In 2010, the Company incurred the following charges from Golden Gate related to advisory fees, out-of-pocket
expenses, and the termination of the Advisory Agreement. These charges are included in other operating
(income) expense, net in the Consolidated Statements of Income and Comprehensive Income:
2010
(in thousands)
Advisory fees and out-of-pocket expenses
(including termination fee) ...................... $12,752
Transactions with Other Golden Gate Affiliates
The Company transacts with affiliates of Golden Gate for e-commerce warehouse and fulfillment services,
software license purchases, and consulting and software maintenance services. The 2012 related party activity
with affiliates of Golden Gate described in this note includes only those expenses incurred and income earned
through the date on which Golden Gate ceased to be a related party, which was May 31, 2012.
The Company incurred the following charges from affiliates of Golden Gate for various services, which are
included primarily in cost of goods sold, buying and occupancy costs in the Consolidated Statements of Income
and Comprehensive Income:
2012 2011 2010
(in thousands)
E-commerce warehouse and fulfillment ............... $8,755 $32,869 $18,780
Software licenses and consulting and software
maintenance services ............................ $ 91 $ 228 $ 323
The Company’s outstanding liability to other Golden Gate affiliates, included in accounts payable and accrued
expenses—related parties on the Consolidated Balance Sheets, was $6.0 million as of January 28, 2012.
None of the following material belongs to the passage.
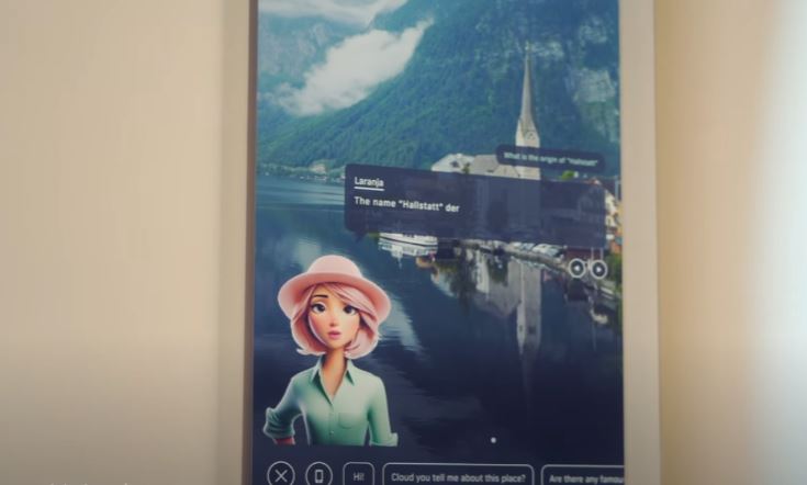 This is the Atmoph Window Yo: a Window shaped 27-inch smart display that makes your home smarter. It brings a taste of outside world indoors with 6K nature videos and sounds from all over the world. You can also try 3D games or use this to keep up with your calendar. The AI assistant is based on GPT trained on Atmoph’s landscape information database and landscape images.

The Company provides real estate services to certain Golden Gate affiliates. Income recognized during 2012,
2011, and 2010 was $0.2 million, $0.5 million and $0.4 million, respectively. As of January 28, 2012, the
Company’s receivable balance related to these services was $0.1 million.
Prior to the prepayments of the 14.5% Topco Term C Loan (“Term C Loan”) and 13.5% Topco Term B Loan
(“Term B Loan”), collectively referred to as the “Topco Credit Facility”, in February 2010 and May 2010,
respectively, an affiliate of Golden Gate was owed $50.0 million and $58.3 million, respectively. Total interest
expense on the Topco Credit Facility attributed to the Golden Gate affilates was $7.9 million in 2010. The
Company did not incur any interest expense under the Topco Credit Facility in 2012 or 2011 due to the
prepayments of the Topco Credit Facility in the first half of 2010.
During the first and second quarters of 2011, the Company repurchased $25.0 million and $24.2 million of
Senior Notes, respectively, in open market transactions. Of the $49.2 million of Senior Notes repurchased, $40.0
million were held by a Golden Gate affiliate, leaving $10.0 million of Senior Notes owned by a Golden Gate
affiliate outstanding as of January 28, 2012. Interest expense incurred on the Senior Notes attributable to the
Golden Gate affiliate was $0.3 million, $1.7 million and $4.0 million, during 2012, 2011, and 2010, respectively.